A word-for-word copy of the records below is needed, without the images.

Saved entries
====
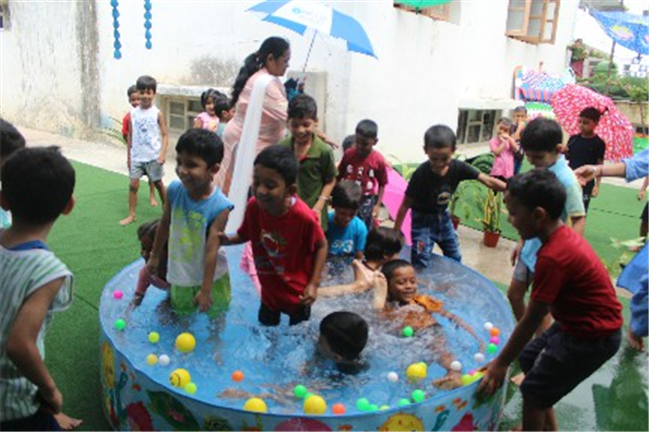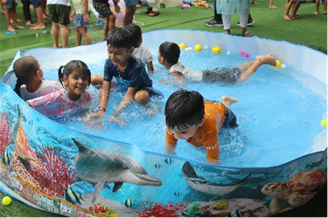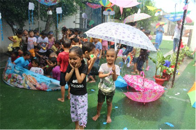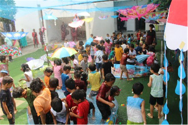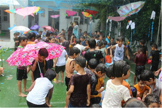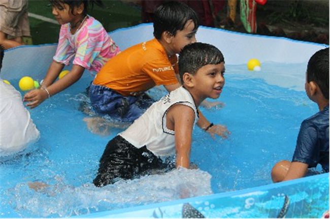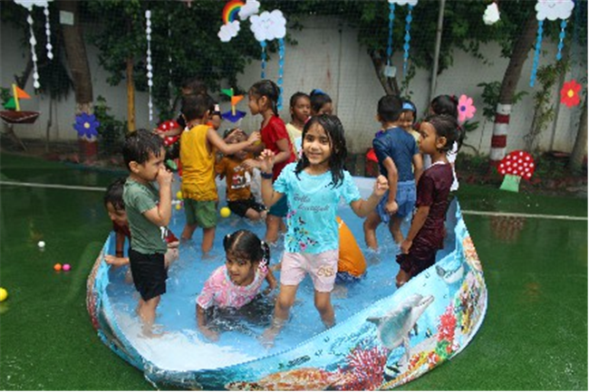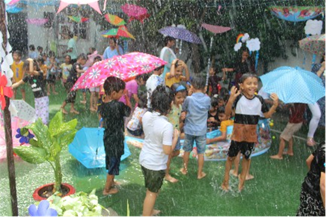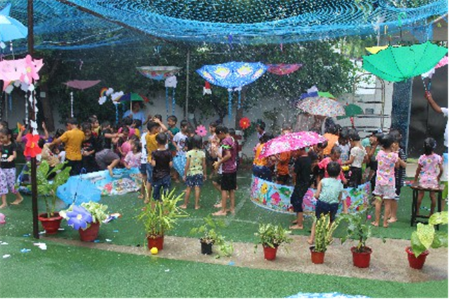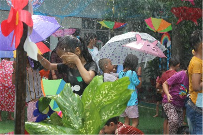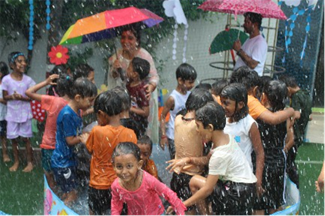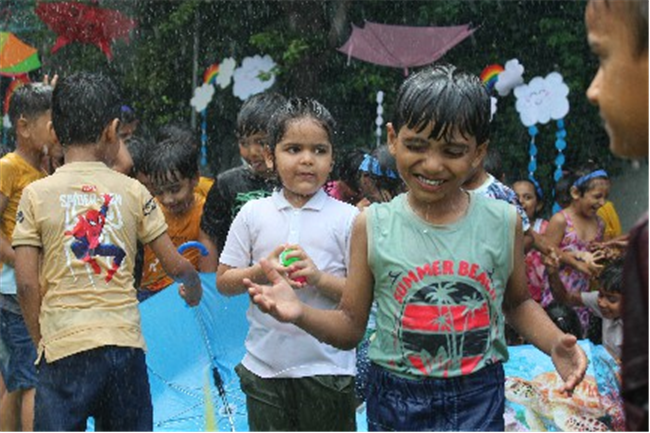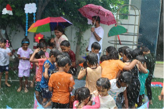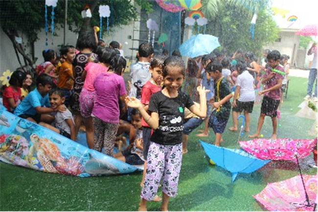 A fun-filled Rain Dance Party was organized on 23rd July 2025 (Wednesday) for the children. The area was decorated with colourful umbrellas different types of props like rainy bow , flowers cloud with drops and plants. Kids enjoyed dancing under water sprays with music, celebrating the joy of the rainy season. It was a refreshing and enjoyable experience for all.
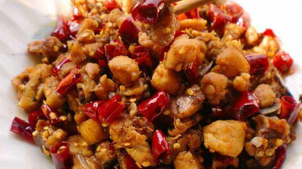 5.辣子雞:四川傳統的川菜之一,選用雞肉塊,加入辣椒、花椒、薑蒜等香料,慢火慢燉而成,雞肉鮮嫩入味,味道濃鬱,是四川必嘗的美食之一。
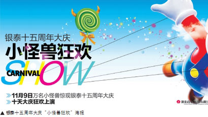 在这一次的庆典中“Hi,小怪兽!”是活动主题,充满娱乐。提倡每个中都有一只小怪兽,年轻时,让你又爱又恨的人,是“小怪兽”;善良、挑剔的顾客是“小怪兽”,帮助银泰一直向前;15周岁的银泰也是“小怪兽”。跟“小怪兽”说hi,打出热烈拥抱体验消费的姿态。
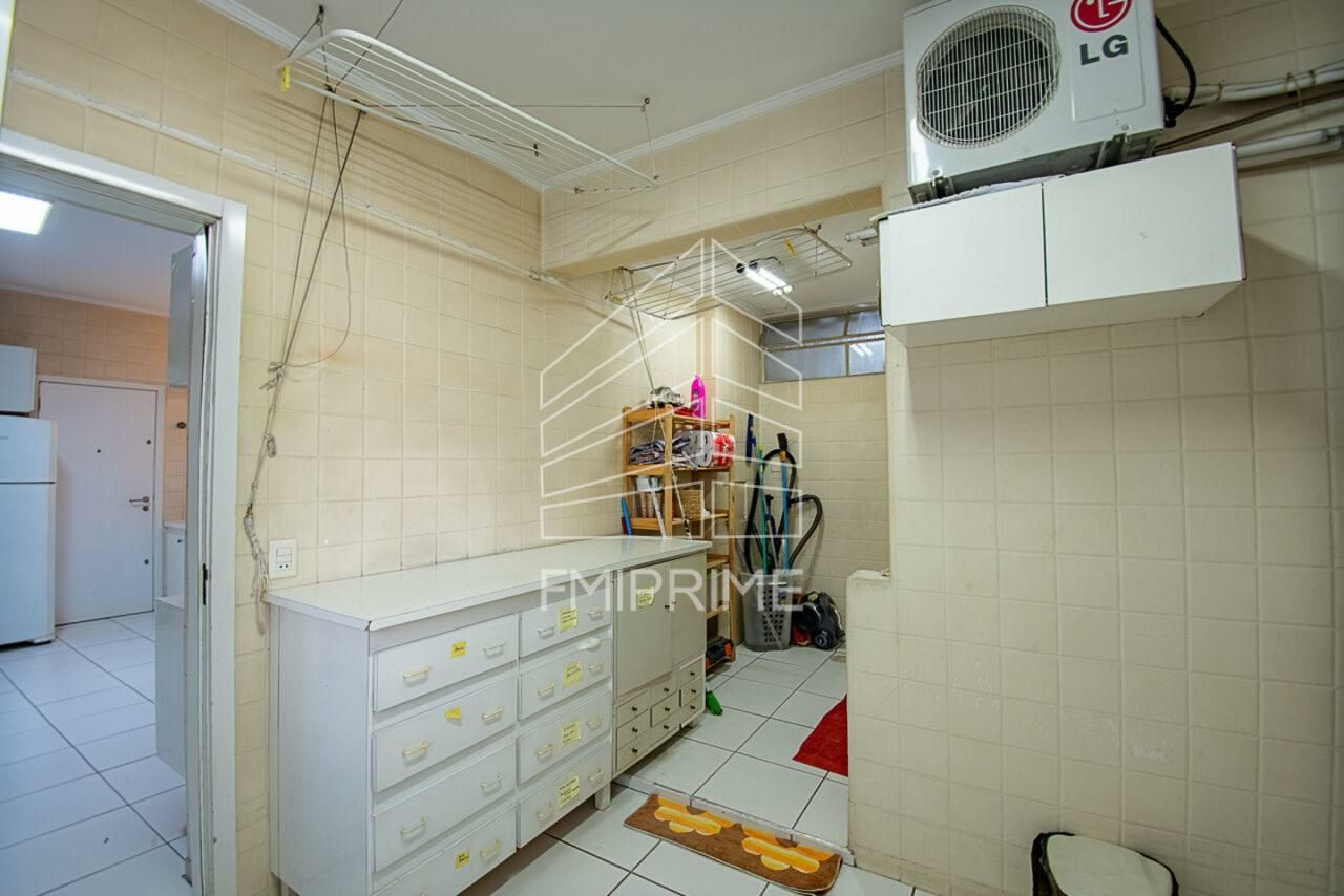 Na ala íntima, a circulação bem resolvida conduz a três dormitórios, sendo uma suíte com closet e ar-condicionado. Dois amplos dormitórios posicionam-se à esquerda do corredor, enquanto a suíte principal, à direita, destaca-se pelo closet generoso e pelo banheiro com dimensões de sala de banho. A cozinha recebe iluminação natural abundante, dispõe de extensa marcenaria, duas pias e espaço para duas geladeiras. A área de serviço é ventilada e completa, com quarto e banheiro para funcionários.
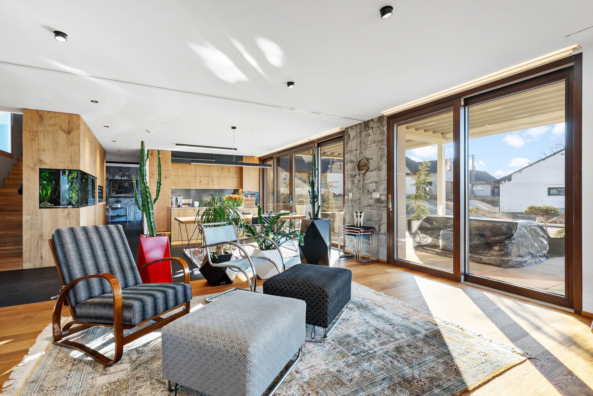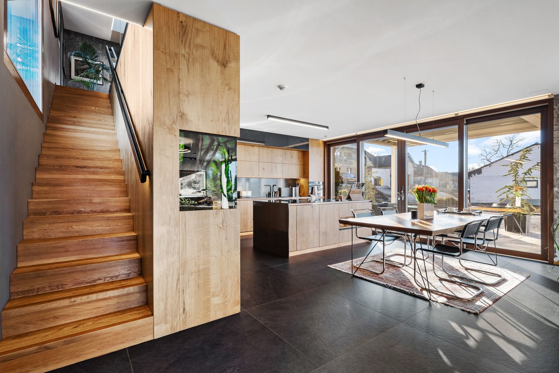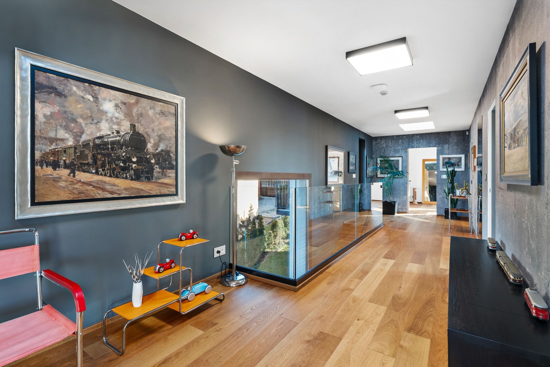 Nabízíme k prodeji výjimečný moderní rodinný dům, situovaný v obci Tmaň, blízko města Králův Dvůr, v klidném prostředí s dostatkem soukromí a dobrou dostupností do Berouna i Prahy. Dům o celkové vnitřní užitné ploše 294 m² je umístěn na pozemcích o celkové výměře 1 634 m², které poskytují nadstandardní prostor pro rodinné bydlení, relaxaci i další rozvoj. Z domu a pozemku se otevírají jedinečné, ničím nerušené panoramatické výhledy na ikonické dominanty Českého krasu – masiv Kotýzu, vrch Zlatý kůň a skalní útvar Aksamitova brána, které dodávají místu výjimečnou atmosféru a prestiž.
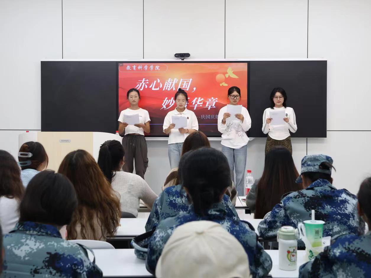 时间:2024-09-29 10:43:34 来源:教科院新闻宣传中心 作者:袁梦悦 阅读: 次为庆祝建国75周年,营造出浓厚的国庆氛围,共同庆祝祖国的生日,表达对祖国的美好祝福,9月28日,教育科学学院于教科微格教室举办“赤心献国,妙语华章”朗诵比赛。教育科学学院团委书记牛洁楠,学生会主席张梦淇、副主席游媛冉、刘瑞杰出席本次活动,社会实践部副部长王梦丹主持此次活动。
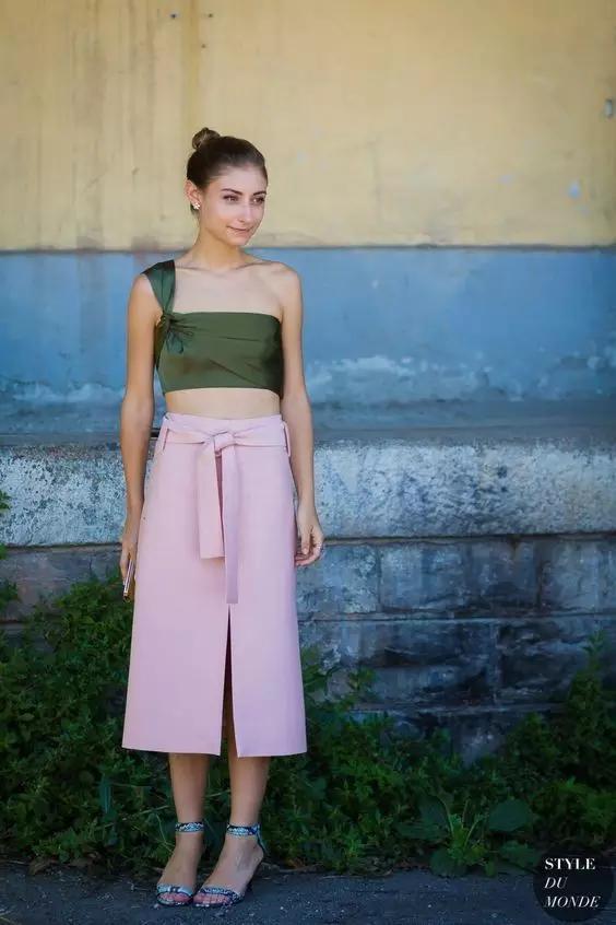 更高杆一点的。大面积的绿色点缀红条纹或是红腰带。特别有趣特别美:
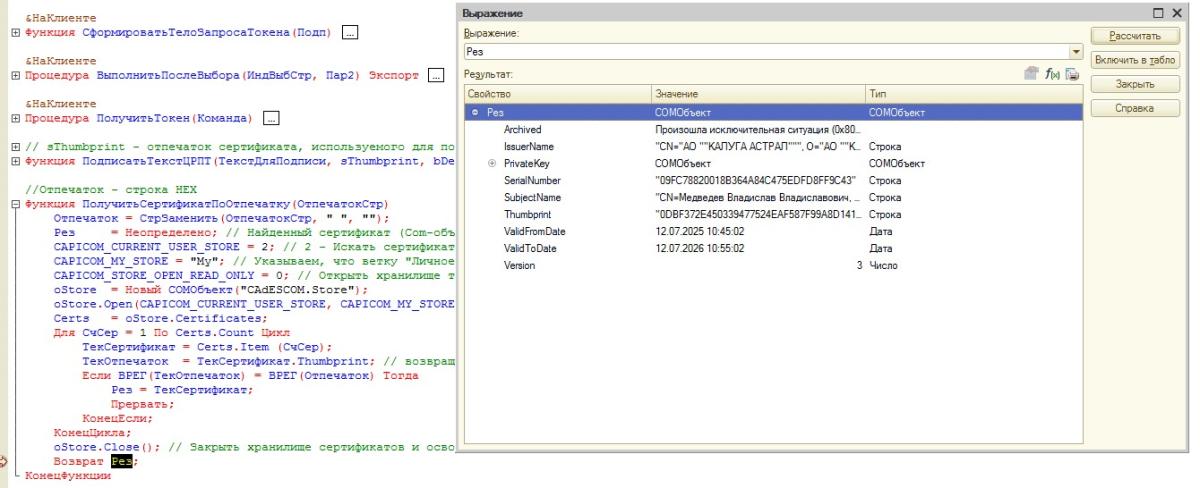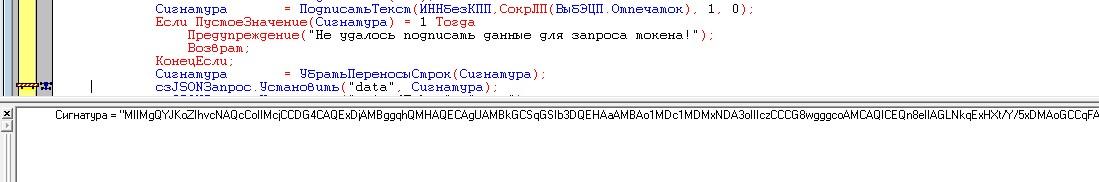 "Пример получения токена при авторизации с прикрепленной подписью / подписание документов с открепленной подписью на 1С"
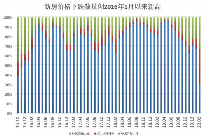 数据显示,2月,70个大中城市中有21个城市新房价格环比上涨,23个环比下降。另外持平的则有26个城市,其中,武汉、石家庄和太原等12个城市受疫情影响无成交。
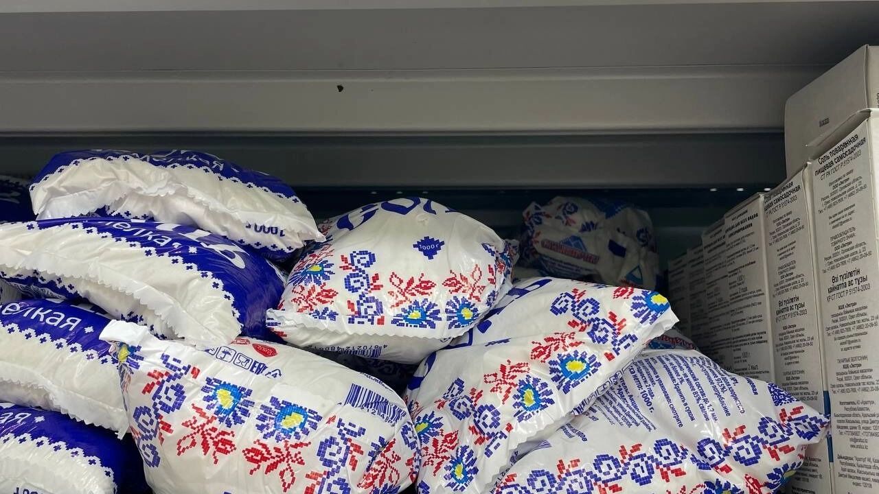 Четвёртой по списку в этом магазине была поваренная пищевая соль за 11 рублей. По такой цене мы её и нашли. Здесь совпало всё — и наличие, и стоимость. Однако качество соли нас немного смутило. Взяв пачку в руки, наощупь стало ясно, что соль в пакете слиплась и стала почти кусковой.
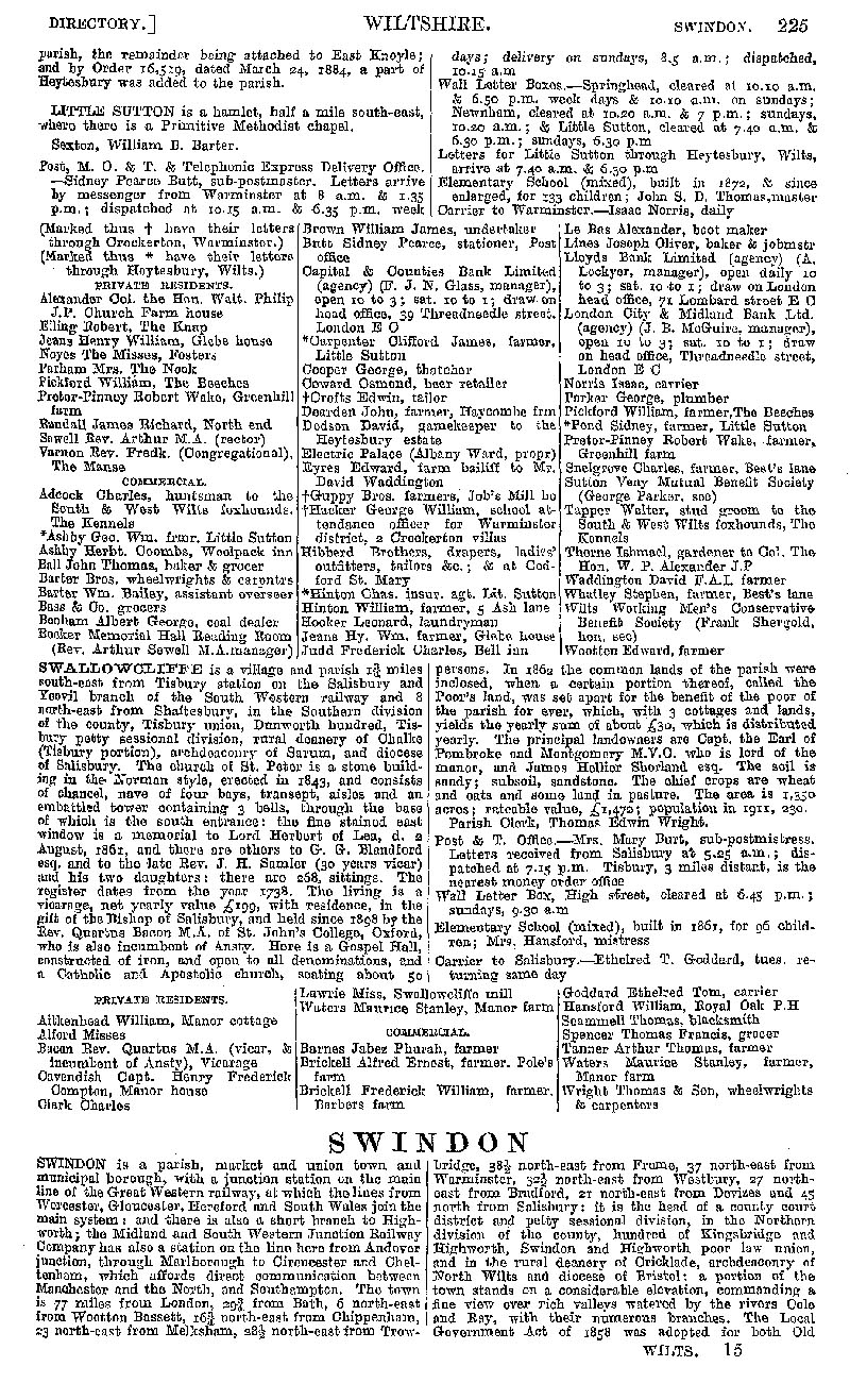 Page 205 Description and residents of Sutton Veny, and Swallowcliffe. Swindon; description.
====
= Result of the exercise =
 A fun-filled Rain Dance Party was organized on 23rd July 2025 (Wednesday) for the children. The area was decorated with colourful umbrellas different types of props like rainy bow , flowers cloud with drops and plants. Kids enjoyed dancing under water sprays with music, celebrating the joy of the rainy season. It was a refreshing and enjoyable experience for all.
 5.辣子雞:四川傳統的川菜之一,選用雞肉塊,加入辣椒、花椒、薑蒜等香料,慢火慢燉而成,雞肉鮮嫩入味,味道濃鬱,是四川必嘗的美食之一。
 在这一次的庆典中“Hi,小怪兽!”是活动主题,充满娱乐。提倡每个中都有一只小怪兽,年轻时,让你又爱又恨的人,是“小怪兽”;善良、挑剔的顾客是“小怪兽”,帮助银泰一直向前;15周岁的银泰也是“小怪兽”。跟“小怪兽”说hi,打出热烈拥抱体验消费的姿态。
 Na ala íntima, a circulação bem resolvida conduz a três dormitórios, sendo uma suíte com closet e ar-condicionado. Dois amplos dormitórios posicionam-se à esquerda do corredor, enquanto a suíte principal, à direita, destaca-se pelo closet generoso e pelo banheiro com dimensões de sala de banho. A cozinha recebe iluminação natural abundante, dispõe de extensa marcenaria, duas pias e espaço para duas geladeiras. A área de serviço é ventilada e completa, com quarto e banheiro para funcionários.
 Nabízíme k prodeji výjimečný moderní rodinný dům, situovaný v obci Tmaň, blízko města Králův Dvůr, v klidném prostředí s dostatkem soukromí a dobrou dostupností do Berouna i Prahy. Dům o celkové vnitřní užitné ploše 294 m² je umístěn na pozemcích o celkové výměře 1 634 m², které poskytují nadstandardní prostor pro rodinné bydlení, relaxaci i další rozvoj. Z domu a pozemku se otevírají jedinečné, ničím nerušené panoramatické výhledy na ikonické dominanty Českého krasu – masiv Kotýzu, vrch Zlatý kůň a skalní útvar Aksamitova brána, které dodávají místu výjimečnou atmosféru a prestiž.
 时间:2024-09-29 10:43:34 来源:教科院新闻宣传中心 作者:袁梦悦 阅读: 次为庆祝建国75周年,营造出浓厚的国庆氛围,共同庆祝祖国的生日,表达对祖国的美好祝福,9月28日,教育科学学院于教科微格教室举办“赤心献国,妙语华章”朗诵比赛。教育科学学院团委书记牛洁楠,学生会主席张梦淇、副主席游媛冉、刘瑞杰出席本次活动,社会实践部副部长王梦丹主持此次活动。
 更高杆一点的。大面积的绿色点缀红条纹或是红腰带。特别有趣特别美:
 "Пример получения токена при авторизации с прикрепленной подписью / подписание документов с открепленной подписью на 1С"
 数据显示,2月,70个大中城市中有21个城市新房价格环比上涨,23个环比下降。另外持平的则有26个城市,其中,武汉、石家庄和太原等12个城市受疫情影响无成交。
 Четвёртой по списку в этом магазине была поваренная пищевая соль за 11 рублей. По такой цене мы её и нашли. Здесь совпало всё — и наличие, и стоимость. Однако качество соли нас немного смутило. Взяв пачку в руки, наощупь стало ясно, что соль в пакете слиплась и стала почти кусковой.
 Page 205 Description and residents of Sutton Veny, and Swallowcliffe. Swindon; description.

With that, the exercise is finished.